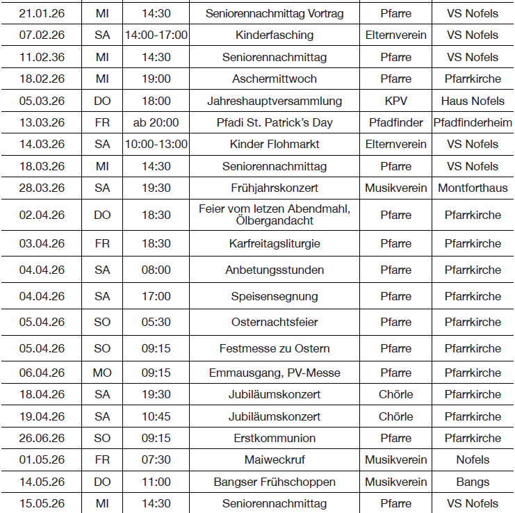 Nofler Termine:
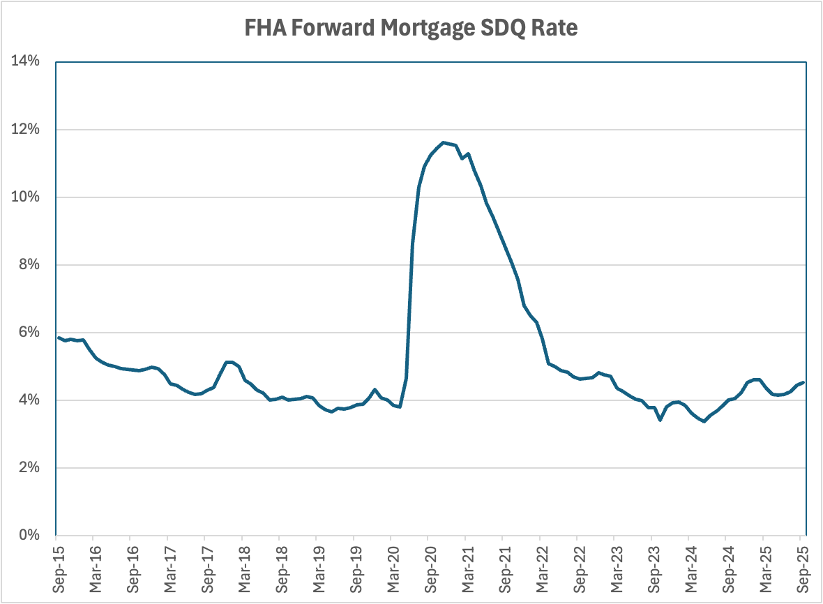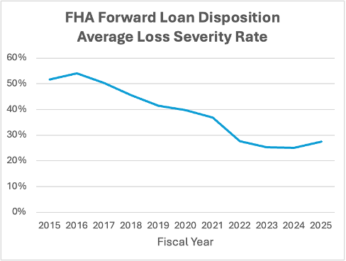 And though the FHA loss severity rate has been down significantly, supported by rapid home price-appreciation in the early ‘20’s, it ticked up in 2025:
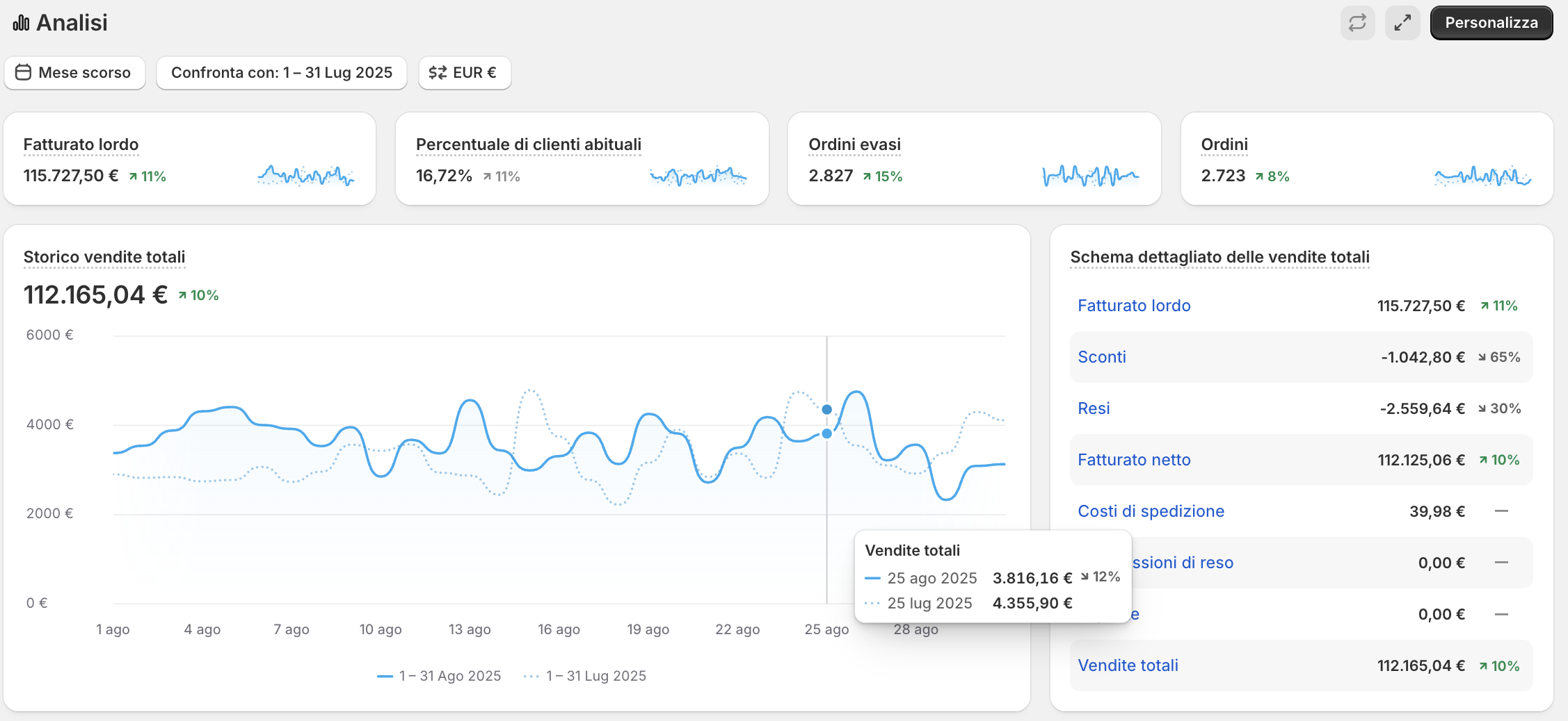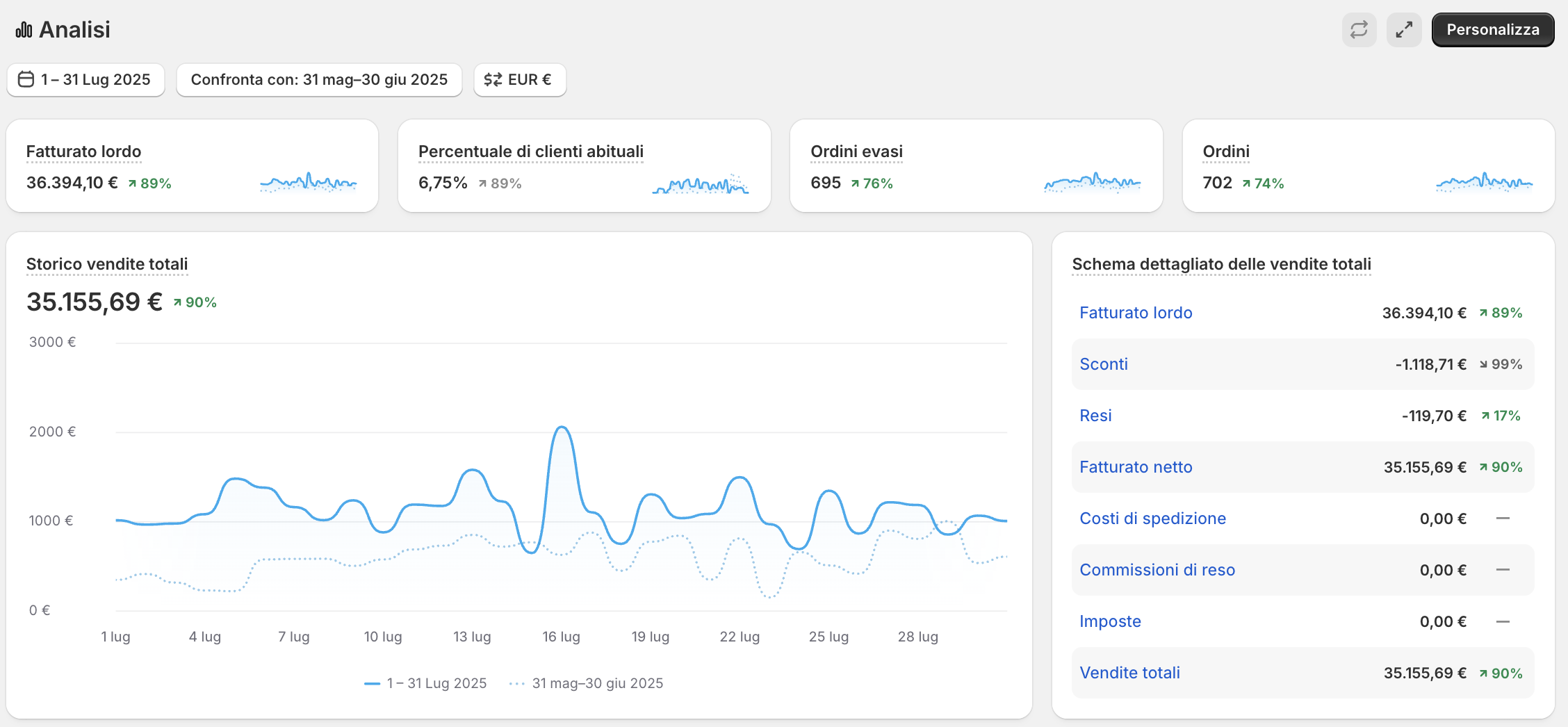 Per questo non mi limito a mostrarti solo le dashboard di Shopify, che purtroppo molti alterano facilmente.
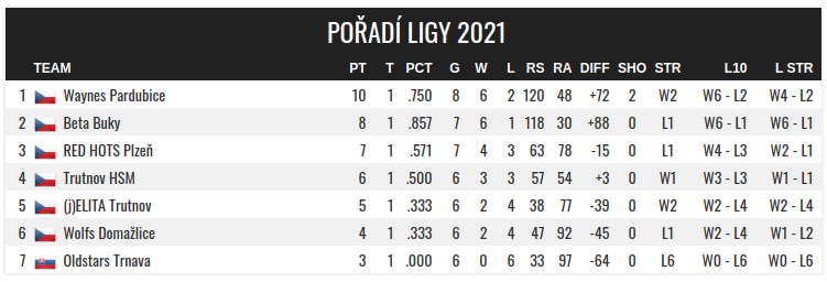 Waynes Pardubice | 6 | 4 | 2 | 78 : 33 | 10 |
--------------------
▸ EXERCISE PROMPT
Would you restate all of the data above word for word, omitting the pictures?

▸ RESPONSE FOR THIS EXERCISE
 Nofler Termine:
 And though the FHA loss severity rate has been down significantly, supported by rapid home price-appreciation in the early ‘20’s, it ticked up in 2025:
 Per questo non mi limito a mostrarti solo le dashboard di Shopify, che purtroppo molti alterano facilmente.
 Waynes Pardubice | 6 | 4 | 2 | 78 : 33 | 10 |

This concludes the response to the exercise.